Austin Clements amdragon at MIT.EDU
Thu Jul 7 13:58:08 PDT 2011


Quoth Jameson Graef Rollins on Jul 07 at  1:40 pm:
> On Thu, 07 Jul 2011 20:49:35 +0200, Matthieu Lemerre <racin at free.fr> wrote:
> > On Wed, 6 Jul 2011 09:25:41 -0400, Austin Clements <amdragon at mit.edu> wrote:
> > > * Make SPC mark the *current* message read and move to the next one,
> > > rather than moving to the next and marking it read.  This way, you're
> > > acknowledging the message as read once you've actually read it, rather
> > > than having notmuch mark it read before you've actually read it.
> > 
> > I agree. I think it's up to the user to define whether he read the
> > message. In fact as a consequence, I have no use of the 'unread' tag.
> 
> I would like to argue very strongly in favor of the current behavior of
> the "unread" tag (since I'm actually the one that designed it).  I want
> the unread flag to always just be handled automatically, being
> automatically removed when I view a message without me having to do
> anything.  If users want to have tags that they manually control, they
> should just define those tags in the new.tags config.
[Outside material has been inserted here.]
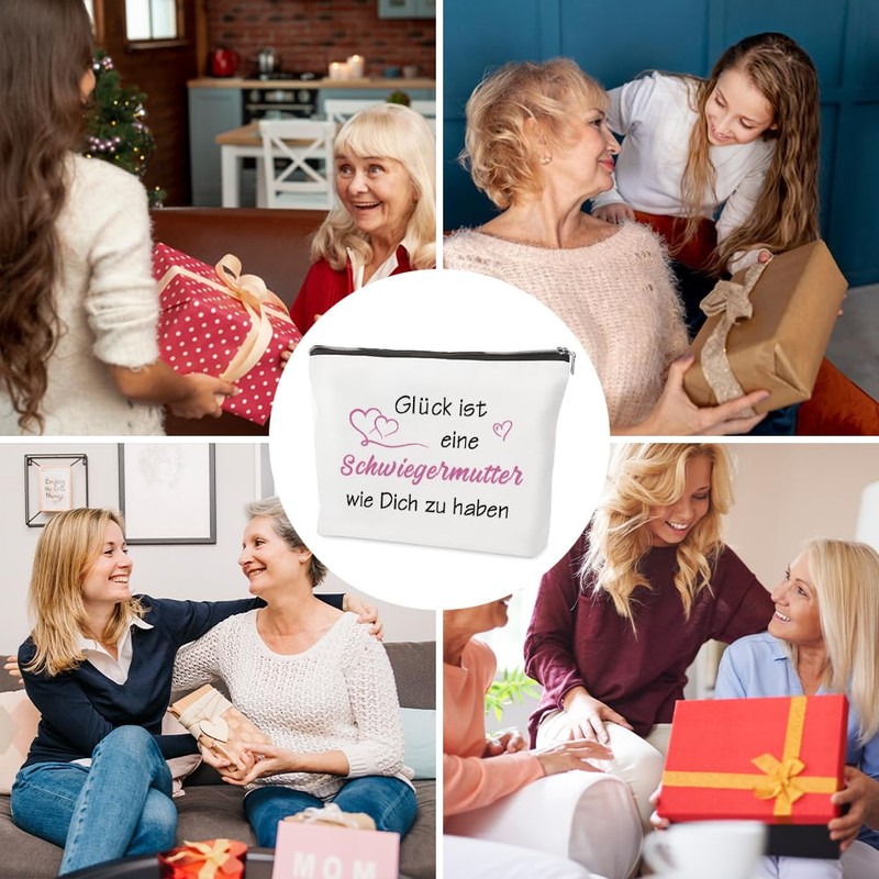 - Gift ideas mother-in-law: the words "Glück ist eine Schwiegermutter wie Dich zu haben" are engraved in the cosmetic bag. With the cosmetic bag, you can show your appreciation and love to your mother-in-law. Gift ideas for mother-in-law, extraordinary gifts mother-in-law, special gifts mother-in-law, gifts father in law, Mother's Day gifts for mother-in-law personalised, best mother-in-law gift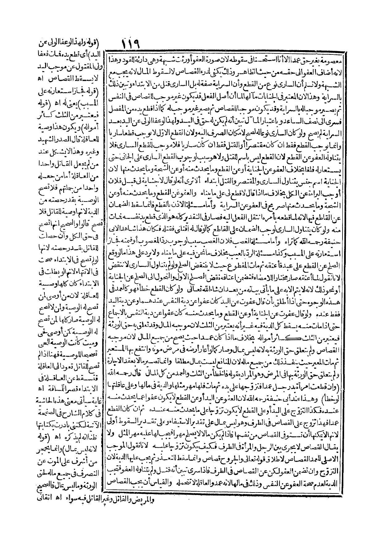 ـــــــــــــــــــــــــــــQقَوْلُهُ: وَلِهَذَا لَوْ عَفَا الْوَلِيُّ عَنْ الْيَدِ) أَيْ قَطَعَ يَدَهُ فَمَاتَ فَعَفَا وَلِيُّ الْمَقْتُولِ عَنْ مُوجِبِ الْيَدِ لَا يَسْقُطُ الْقِصَاصُ. اهـ. (قَوْلُهُ: فَجَازَ اسْتِعَارَتُهُ عَلَى الْمُسَبَّبِ) يَعْنِي لَهُ. اهـ. (قَوْلُهُ: فَيُعْتَبَرُ مِنْ الثُّلُثِ كَسَائِرِ أَمْوَالِهِ) وَيَكُونُ هَذَا وَصِيَّةً لِلْعَاقِلَةِ قَالَ الصَّدْرُ الشَّهِيدُ وَغَيْرُهُ، وَهَذَا لَا يُشْكِلُ عِنْدَ مَنْ لَمْ يَجْعَلْ الْقَاتِلَ وَاحِدًا مِنْ الْعَاقِلَةِ، أَمَّا مَنْ جَعَلَهُ وَاحِدًا مِنْ جُمْلَتِهِمْ فَلَا تَصِحُّ الْوَصِيَّةُ بِقَدْرِ حِصَّتِهِ مِنْ الدِّيَةِ؛ لِأَنَّهَا وَصِيَّةٌ لِلْقَاتِلِ فَلَا تَصِحُّ قَالُوا وَالصَّحِيحُ أَنَّهَا تَصِحُّ فِي حَقِّ الْكُلِّ وَإِنْ حَصَلَتْ لِلْقَاتِلِ بِقَدْرِ حِصَّتِهِ؛ لِأَنَّهَا لَوْ لَمْ تَصِحَّ فِي الِابْتِدَاءِ صَحَّتْ فِي الِانْتِهَاءِ؛ لِأَنَّهَا لَوْ بَطَلَتْ فِي الِابْتِدَاءِ كَانَ كُلُّهَا وَصِيَّةً لِلْعَاقِلَةِ؛ لِأَنَّ مَنْ أَوْصَى لِمَنْ تَصِحُّ لَهُ الْوَصِيَّةُ وَلِمَنْ لَا تَصِحُّ لَهُ الْوَصِيَّةُ صَارَ كُلُّهَا لِمَنْ تَصِحُّ لَهُ الْوَصِيَّةُ كَمَنْ أَوْصَى لِحَيٍّ وَمَيِّتٍ كَانَتْ الْوَصِيَّةُ لِلْحَيِّ تَصْحِيحًا لِلْوَصِيَّةِ فَهُنَا إذَا لَمْ تَصِحَّ لِلْقَاتِلِ تَعُودُ إلَى الْعَاقِلَةِ فَتَسْقُطُ عَنْ الْعَاقِلَةِ فِي الِابْتِدَاءِ قَصْرًا لِلْمَسَافَةِ. اهـ. غَايَةٌ سَيَأْتِي مَعْنَى هَذِهِ الْحَاشِيَةِ فِي كَلَامِ الشَّارِحِ فِي الصَّفْحَةِ الْآتِيَةِ لَكِنَّنِي بَادَرْت بِكِتَابَتِهَا ظَنًّا أَنَّهُ لَمْ يَذْكُرْهُ. اهـ. (قَوْلُهُ: لِأَنَّهُ لَيْسَ بِمَالٍ) وَإِنَّمَا يُحْجَرُ مَنْ أَشْرَفَ عَلَى الْمَوْتِ عَنْ التَّصَرُّفِ فِي جَمِيعِ مَالِهِ لِحَقِّ الْوَرَثَةِ وَمَا لَيْسَ بِمَالٍ فَالصَّحِيحُ وَالْمَرِيضُ وَالْقَاتِلُ وَغَيْرُ الْقَاتِلِ فِيهِ سَوَاءٌ. اهـ. أَتْقَانِيٌّ

What I'm suggesting is no more or less automatic than the current
behavior.  It's just a slight tweak to the order in which things
happen: that SPC could remove the unread tag and then move to the next
message, rather than the other way around.  In effect, the read tag
would indicate that you've seen the bottom of the message, not just
the top.

It's also possible I would have less trouble if SPC didn't
automatically go to the next thread.  The problem I have with the
current behavior is that I often find myself accidentally marking
messages as read because notmuch showed me a message I wasn't
expecting.  This is compounded by the lack of visual feedback when
this happens (e.g., the search results don't update to indicate that
anything has changed, and even if they did, I probably wouldn't notice
that the message *had* been unread).